On September 2, 2021, Ollison was waived by the Falcons and re-signed to the practice squad. He was promoted to the active roster on December 11. During the Week 18 matchup against the New Orleans Saints, he scored his fifth career touchdown on a 19-yard rushing attempt in the 30–20 loss.

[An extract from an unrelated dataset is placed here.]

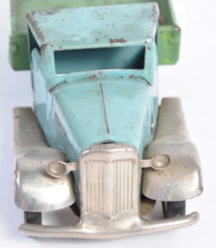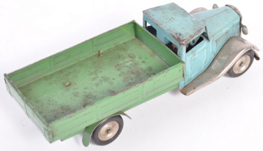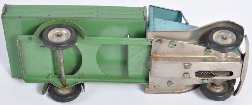 A rare original vintage Triang / Tri-ang Minic Toys made tinplate clockwork open wagon. Two tone blue and green, the bed in green with a lighter blue cab. All four original wheels and tyres present. No key, but working order (a little temperamental). Charming vintage toy.

On March 28, 2022, Ollison re-signed with the Falcons. He was waived on August 30.

===Dallas Cowboys===
On September 1, 2022, Ollison was signed to the Dallas Cowboys practice squad. The signing reunited him with defensive coordinator Dan Quinn, who was his head coach with the Falcons. On October 29, 2022, he was elevated to the active roster from the practice squad. On November 12, 2022, he was elevated to the active roster from the practice squad. On December 29, 2022, he was elevated to the active roster from the practice squad. His practice squad contract with the team expired after the season on January 22, 2023.

===Jacksonville Jaguars===
On February 13, 2023, Ollison signed a reserve/future contract with the Jacksonville Jaguars. He was released on August 29, 2023, as a part of the team’s final roster cuts.

===Pittsburgh Steelers===
On September 2, 2023, Ollison was signed to the practice squad of the Pittsburgh Steelers. He was released on December 11, 2023.

=== BC Lions ===
On January 14, 2025, Ollison signed with the BC Lions of the Canadian Football League (CFL). He was released on May 14, 2025.